Being back in Thomaston yesterday gave me the opportunity to eat at Piggie Park...a ritual that my family followed at least once a week from the time I was eight until I left at age 18. We used to take old towels out with us to catch the crumbs and Mom and I laughed about that memory while we were sitting there in the rented brand spanking new truck hoping we wouldn't christen it with some barbecue sauce, ketchup, or a spilled Coke (an occurrence that was far more likely when Linda was little). I told them that the food tasted the same but that Charlie wasn't bringing it to us...so that was different. Mom said he ran himself to death and stayed skinny providing for the seven children that he had. We talked about going out to the Norris' "Steak 'n Stuff" restaurant every Friday night...where the highlight of that meal (in my humble opinion) was the lemon meringue pie. I can still remember watching my sister leave the table and "visit" (and charm) everyone there because she was so stinking cute with her waist length straight blond hair and little barrettes to keep it out of her eyes.
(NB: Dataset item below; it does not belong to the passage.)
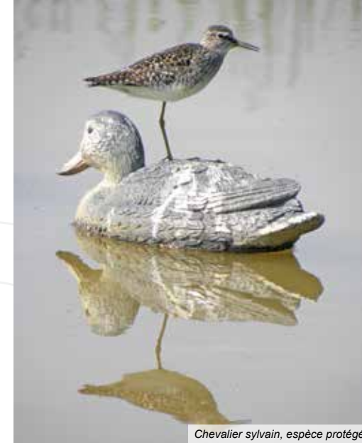
Chevalier sylvain, espèce protégée

We drove by Big Chic (where I got a lot of my "starter" cellulite and fat cells) and I could almost taste the chicken filet sandwich with mayonnaise, mustard, and extra pickles. And fries. Definitely the fries (because that used to comprise a meal at lunch back in the day.) We were able to stop at Cake House Bakery...the shop opened by my friend Debbie Culverhouse, and got to actually indulge in some of what I'd previously only seen posted on Facebook...and I got to hug her neck for the first time in 32 years. (And if you are reading this and live in Thomaston...you totally need to go by there. Often.) Leaving town, we saw the turnoff to River Bend (what my grandmother always joked was "Rubber Band") and I only regretted that we couldn't stop in for dinner. (Then my friend Tommy posted about being there that night on Facebook...which only made it worse.)
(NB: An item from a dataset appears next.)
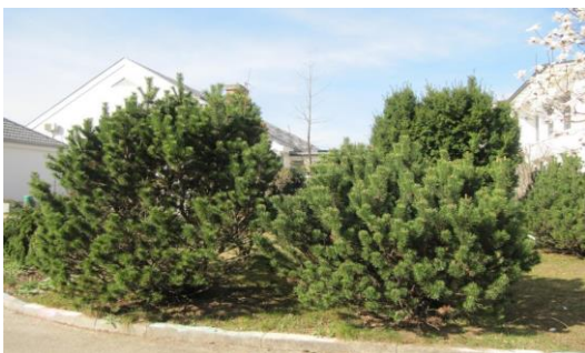
Osnovna šola Orehek Kranj

I know that it seems odd to be all tied up with the food of home...but you must understand that it is a great comfort to me to know that the places I loved as a child are still there. And although our home on Johnston Drive now has new owners and is painted a different color than the yellow that it was painted from the 1960s until it was sold in 2006...I can still go back and have a delicious meal...and remember when.
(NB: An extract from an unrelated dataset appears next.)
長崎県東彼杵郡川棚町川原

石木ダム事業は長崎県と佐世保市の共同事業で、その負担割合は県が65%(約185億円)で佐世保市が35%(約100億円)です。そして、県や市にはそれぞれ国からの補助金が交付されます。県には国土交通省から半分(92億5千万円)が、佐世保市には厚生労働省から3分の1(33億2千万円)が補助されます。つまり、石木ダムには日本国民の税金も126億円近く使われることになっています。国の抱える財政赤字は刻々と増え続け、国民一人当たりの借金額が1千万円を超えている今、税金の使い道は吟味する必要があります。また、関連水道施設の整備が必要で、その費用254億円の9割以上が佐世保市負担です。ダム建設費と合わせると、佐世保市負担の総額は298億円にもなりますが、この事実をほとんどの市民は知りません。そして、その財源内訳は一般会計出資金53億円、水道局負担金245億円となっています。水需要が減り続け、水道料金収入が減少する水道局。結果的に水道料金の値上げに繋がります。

So, while we were letting go yesterday one more tentative thread of our tie to Thomaston...we were also indulging in that continuous thread that is still there after we are gone from the area...Piggie Park. I have found a close cousin to it here in Montgomery - Sam's Barbecue...but still.
Also strangely comforting was being fussed at for not calling various parties to let them know that we were in the area...even though it was a very, very short trip. We're going back soon to eat at the Peachtree Cafe with our precious Johnston Drive neighbors, Billy and Charlene Daniel, because I miss them and want to catch up in person. Those who say "you can never go home again" are dead wrong. Today, I am very happy about that.